Not sure what this refers to, sorry — lots of ads try to imply that Buffett is buying something, often with a very spurious connection to reality.
Is there a philanthropic “think tank” anywhere who’d examine an opportunity to create “perpetual” funding by providing continual donor payback, and having substantial commercial revenue opportunities as well, per the None Left Behind overview at https://goo.gl/BKgBXY?
I don’t know, but one result of the massive explosion in income inequality over the past couple decades has been a tremendous rise in philanthropy — so lots of great projects are being funded, though I expect the “donor payback” ones and the similar “social investment” cooperatives are likely to remain small-time. You can’t scale community involvement, for most small donors that has to be local and meaningful.
This is a very stupid question: what broker do you use to invest in the African market (JSE)?
By the way, thanks a lot for your newsletters!
I don’t invest directly on the JSE. Interactive Brokers is the broker I most often use to buy direct on overseas exchanges, but they don’t have equity access to South Africa (they do offer contracts for difference in SA).
The only South African companies I’ve ever owned were Sasol and Naspers, the latter of which I still own, and I bought both OTC in the US (or through actual US listings, which they both used to have and Sasol still does), my other investments in Africa have been indirect, through companies listed in Toronto, NY or London.
Why but Napsers when Ten Cent is about the same price?
The price per share being close for the ADRs is just a coincidence. Buy Tencent if you just want clear and unfiltered exposure to Tencent, buy Naspers if you want a little extra on the side and a discount on Tencent, with the additional risk of it being an indirect holding that puts a second management team (and country) into play.

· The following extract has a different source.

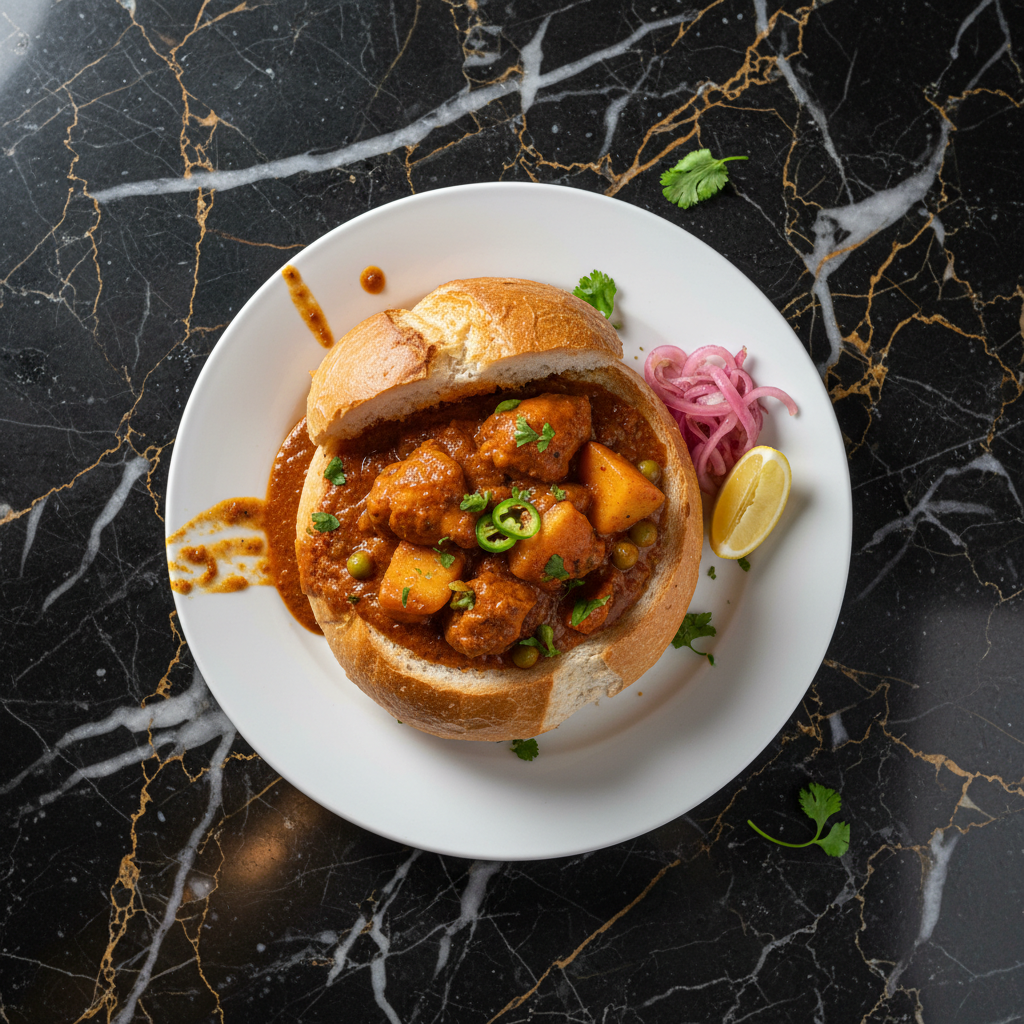A beloved South African street food classic, this 'bunny chow' features a rich, aromatic chicken curry served in a hollowed-out bread loaf. It's a hearty and flavorful meal, perfect for a casual lunch or dinner.

Hi Travis – tell us some of your history – personal and professional? I often wonder what sort of person you are given your insightful analysis and sketchy references to family, interests and financial connections.

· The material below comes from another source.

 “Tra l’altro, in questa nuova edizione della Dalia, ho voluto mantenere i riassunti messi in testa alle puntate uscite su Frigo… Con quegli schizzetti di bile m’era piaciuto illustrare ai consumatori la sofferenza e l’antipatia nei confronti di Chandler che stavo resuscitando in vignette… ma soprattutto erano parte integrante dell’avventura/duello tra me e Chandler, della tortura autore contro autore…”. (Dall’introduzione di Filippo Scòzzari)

I have a BA in government from Cornell, and a Masters in Information Science from the University of Maryland. I have been, among other professions, a world champion ice cream scooper, a fundraising copywriter, and a tenure-track academic, and gave it all up to write about money and solve puzzles. I’ve been married to a wonderful woman for 2o years (in July), and we have three kids and three dogs, and live in the bucolic Pioneer Valley in Western Massachusetts.
I’ve never managed money for anyone else, and started learning about investing 25 years ago thanks to a small family gift that got me to thinking and reading (and making dumb mistakes). As I learned more, I started writing and blogging about my investment ideas and the good and bad choices I had made, and then about 12 years ago I started to get very curious about those marketing pitches — which used the same selling techniques I had learned as a fundraising copywriter — and wanted to take them apart and see what was inside. I started doing that for other people, and it hit a nerve, and the ads kept coming, and before you know it a decade has passed and thousands of teasers have been laid bare.
As an investor, I have read widely and attended a lot of investment conferences to keep learning, and I’m delighted to wake up every day and think about a new way to understand businesses and investing. And, of course, I still love solving teaser puzzles and writing about them for you — that is the purest type of research, I think, if you can wade through the promise of extraordinary returns and still thing rationally about that little nugget of truth you found hiding inside the hype, well, then you’re on your way to thinking dispassionately about anything… and that’s one of the real keys to investing success.